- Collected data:
--------------------
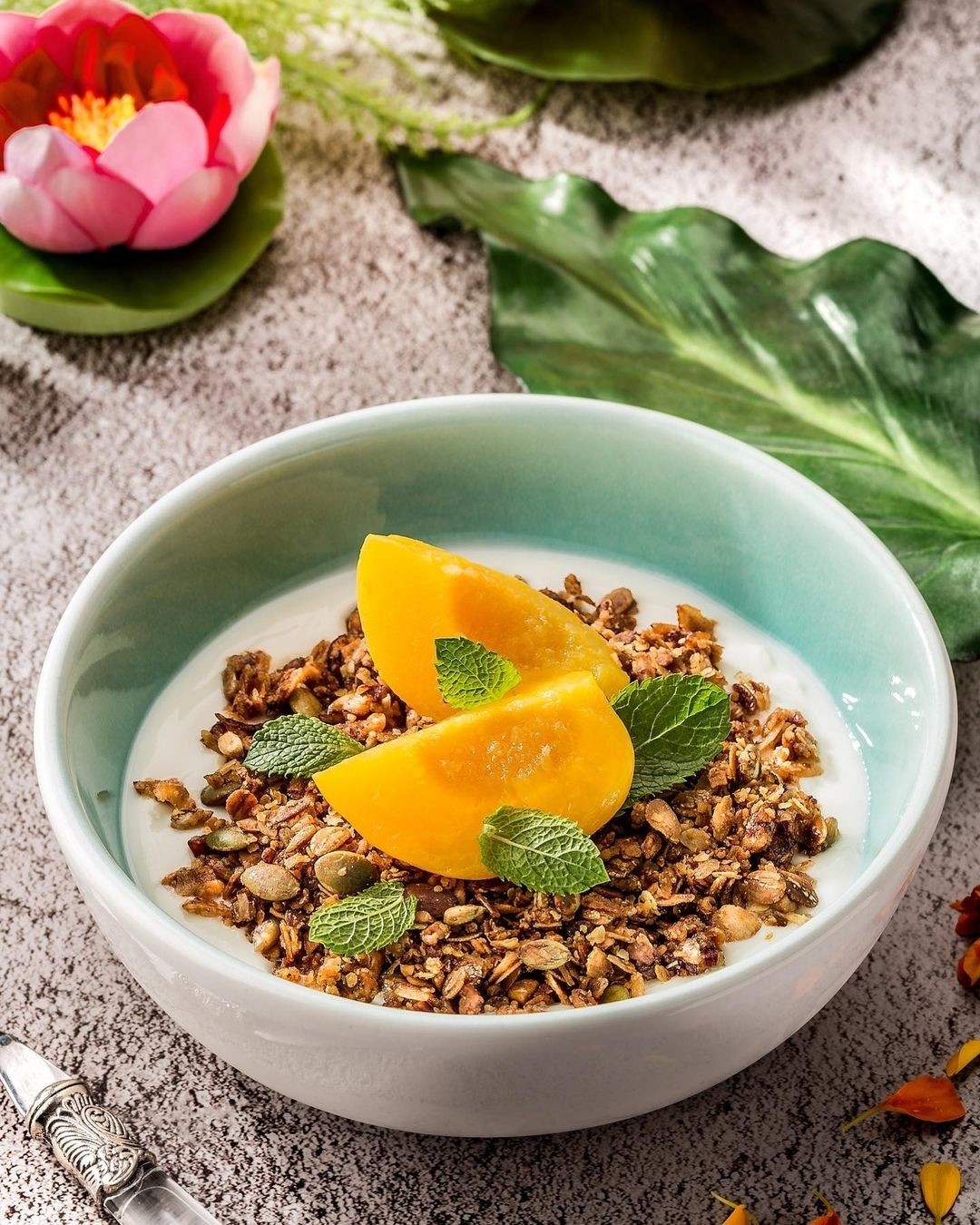 Новый завтрак в «Комоде»: гранола с медовым персиком подается под легким натуральным йогуртом (210 рублей).
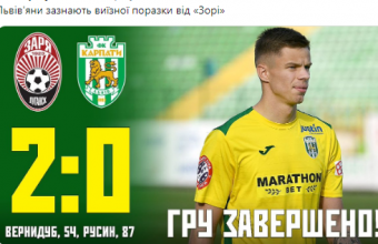Попри всі старання «Карпат» відігратись, другий гол у цій зустрічі забила також «Зоря». Кочергін віддав передачу на Русина, і той в падінні переправив шкіряного у сітку воріт Олега Кудрика – 2:0.
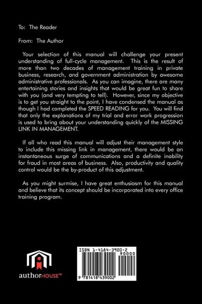 To: The Reader From: The Author Your selection of this manual will challenge your present understanding of full-cycle management. This manual is the result of more than two decades of management training in private business, research, and government administration by awesome administrative professionals. As you can imagine, there are many entertaining stories and insights that would be great fun to share with you (and very tempting to tell). But, since my objective is to get you straight to the point, I have condensed the manual as though I had done the SPEED READING for you. You will find that only the explanations of my trial and error work progression is used to bring about your understanding quickly of the MISSING LINK IN MANAGEMENT. If all who read this manual will adjust their management style to include this missing link in management, there would be an instantaneous surge of communications and a definite inability for fraud in most areas of business. Also, productivity and quality control would be the by-product of this adjustment. As you might surmise, I have great enthusiasm for this manual and believe that its concept should be incorporated into every office training program.
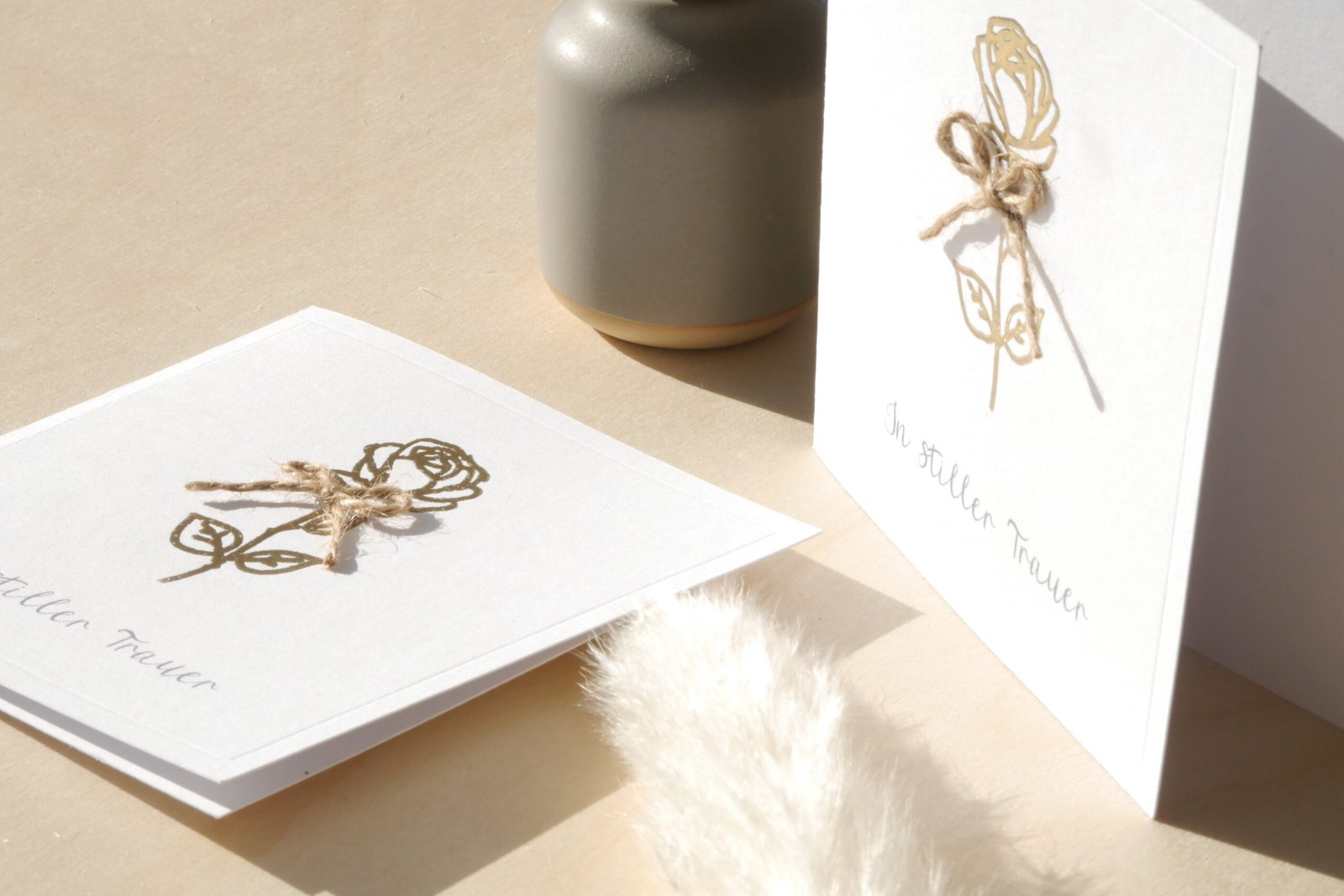 Eine stilvolle Karte, die deine Anteilnahme auf würdevolle Weise zum Ausdruck bringt.
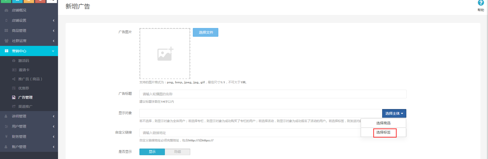 在后臺營銷中心中。可以向特定標簽的用戶推送首頁彈窗廣告。
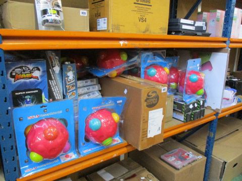 A quantity of miscellaneous toys, games and related to include Fast & Furious Ice Chargers, Elite Table Top Curling Games and TickIt Sensory Meteor Balls.
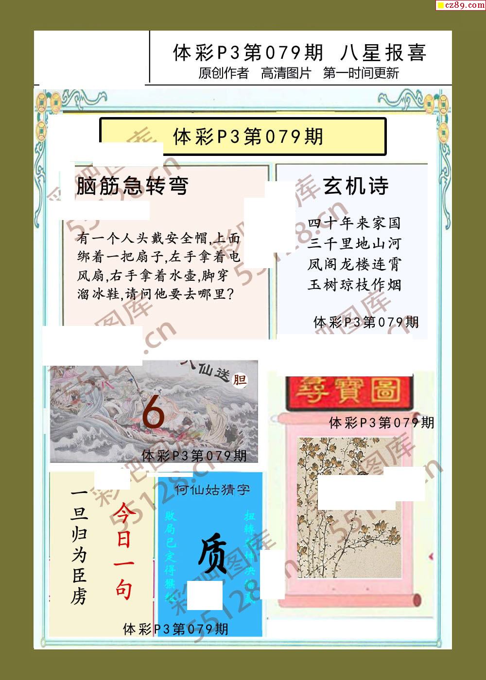 八星报喜079期体彩p3图谜
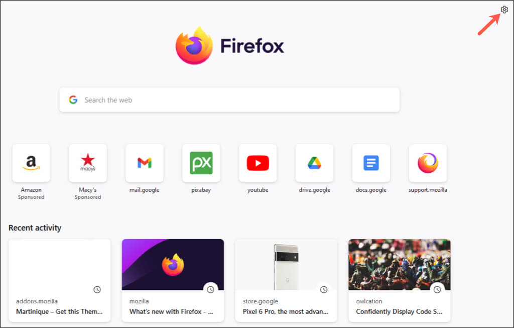 Du kan også hurtigt ændre, hvad du ser på din startside ved hjælp afgearikonet øverst til højre på den.
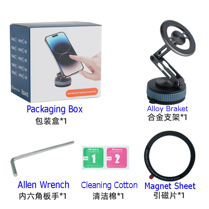 Magnetic Phone Holder Mount Rotating Three-Axis Alloy Folding Bracket Model:(AMO-105)
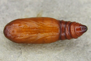 5: Deutschland, Sachsen, Dübener Heide, Umg. Doberschütz, Raupenfund am 2. September 2006 an Espe, e.l. 29. Mai 2007 (leg., cult., det. & Foto: Heidrun Melzer)
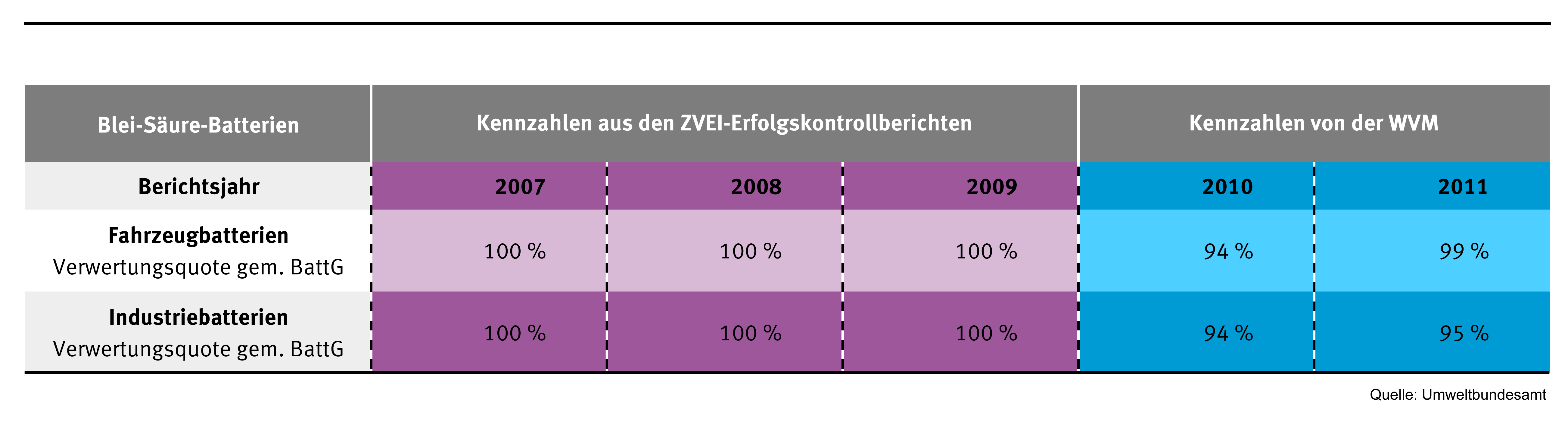 Tabelle 2: Batterie-Verwertungsquoten
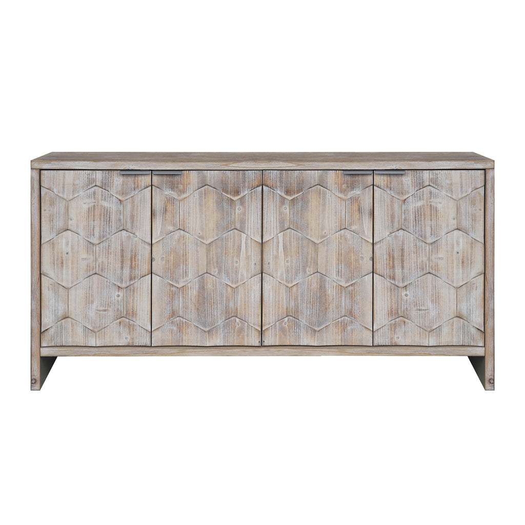 This cabinet is designed with minimalist style along with a stable structure to make a unique statement, which provides powerful practicality rather than a household adornment. With plenty of space to offer, utilize the casual four-door cabinet featuring two-tier storage to minimize clutter while keeping select essentials within easy reach, or display your favorite décor on the spacious upper counter. With decorative fluted doors add beauty and enhances the artistic sense of the entire home.
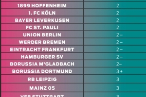 2分:奧格斯堡、霍芬海姆、科隆、勒沃庫森、圣保利
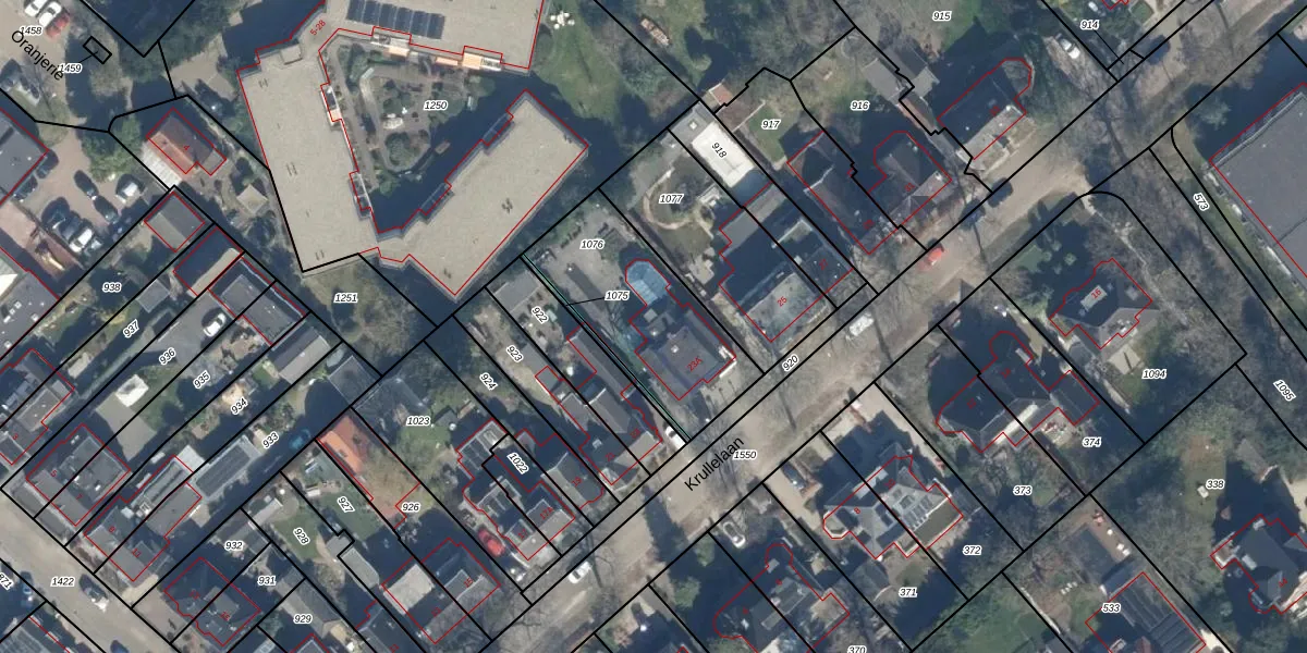 Het perceel waarop Krullelaan 23-A staat heeft een oppervlakte van 590 m². Dit is een groot perceel. De perceeloppervlakte wordt geregistreerd door het Kadaster. Gedetailleerde informatie over de maten van dit perceel kunt u vinden in het rapport Kadastrale kaart met maatvoering van Krullelaan 23-A.
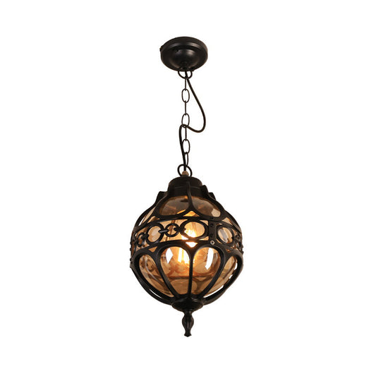 Amber Glass Round Hanging Light Farmhouse Ceiling Pendant
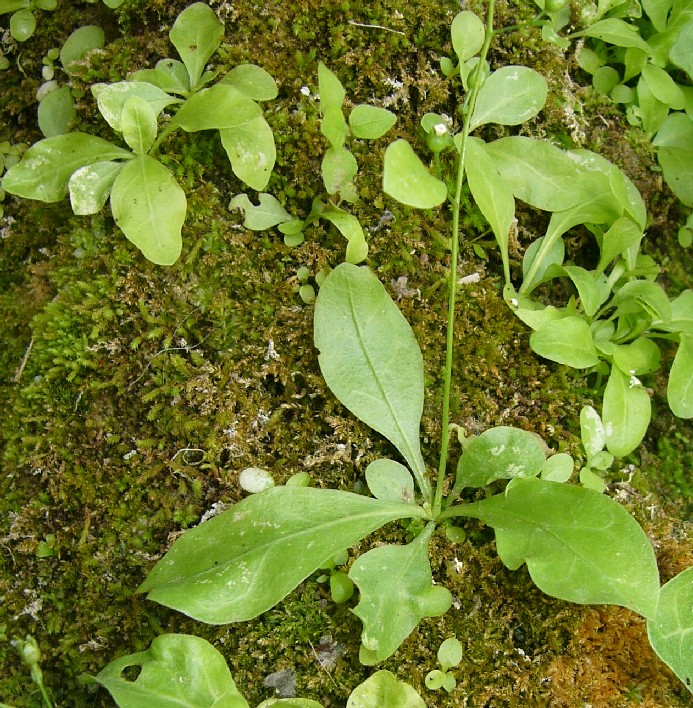 Stängel locker beblättert, Blätter löffelförmig
--------------------
- WHAT IS REQUIRED: Please write out all the entries above again exactly as they appear, skipping any images.

- OUTPUT BELOW:
 Новый завтрак в «Комоде»: гранола с медовым персиком подается под легким натуральным йогуртом (210 рублей).
Попри всі старання «Карпат» відігратись, другий гол у цій зустрічі забила також «Зоря». Кочергін віддав передачу на Русина, і той в падінні переправив шкіряного у сітку воріт Олега Кудрика – 2:0.
 To: The Reader From: The Author Your selection of this manual will challenge your present understanding of full-cycle management. This manual is the result of more than two decades of management training in private business, research, and government administration by awesome administrative professionals. As you can imagine, there are many entertaining stories and insights that would be great fun to share with you (and very tempting to tell). But, since my objective is to get you straight to the point, I have condensed the manual as though I had done the SPEED READING for you. You will find that only the explanations of my trial and error work progression is used to bring about your understanding quickly of the MISSING LINK IN MANAGEMENT. If all who read this manual will adjust their management style to include this missing link in management, there would be an instantaneous surge of communications and a definite inability for fraud in most areas of business. Also, productivity and quality control would be the by-product of this adjustment. As you might surmise, I have great enthusiasm for this manual and believe that its concept should be incorporated into every office training program.
 Eine stilvolle Karte, die deine Anteilnahme auf würdevolle Weise zum Ausdruck bringt.
 在后臺營銷中心中。可以向特定標簽的用戶推送首頁彈窗廣告。
 A quantity of miscellaneous toys, games and related to include Fast & Furious Ice Chargers, Elite Table Top Curling Games and TickIt Sensory Meteor Balls.
 八星报喜079期体彩p3图谜
 Du kan også hurtigt ændre, hvad du ser på din startside ved hjælp afgearikonet øverst til højre på den.
 Magnetic Phone Holder Mount Rotating Three-Axis Alloy Folding Bracket Model:(AMO-105)
 5: Deutschland, Sachsen, Dübener Heide, Umg. Doberschütz, Raupenfund am 2. September 2006 an Espe, e.l. 29. Mai 2007 (leg., cult., det. & Foto: Heidrun Melzer)
 Tabelle 2: Batterie-Verwertungsquoten
 This cabinet is designed with minimalist style along with a stable structure to make a unique statement, which provides powerful practicality rather than a household adornment. With plenty of space to offer, utilize the casual four-door cabinet featuring two-tier storage to minimize clutter while keeping select essentials within easy reach, or display your favorite décor on the spacious upper counter. With decorative fluted doors add beauty and enhances the artistic sense of the entire home.
 2分:奧格斯堡、霍芬海姆、科隆、勒沃庫森、圣保利
 Het perceel waarop Krullelaan 23-A staat heeft een oppervlakte van 590 m². Dit is een groot perceel. De perceeloppervlakte wordt geregistreerd door het Kadaster. Gedetailleerde informatie over de maten van dit perceel kunt u vinden in het rapport Kadastrale kaart met maatvoering van Krullelaan 23-A.
 Amber Glass Round Hanging Light Farmhouse Ceiling Pendant
 Stängel locker beblättert, Blätter löffelförmig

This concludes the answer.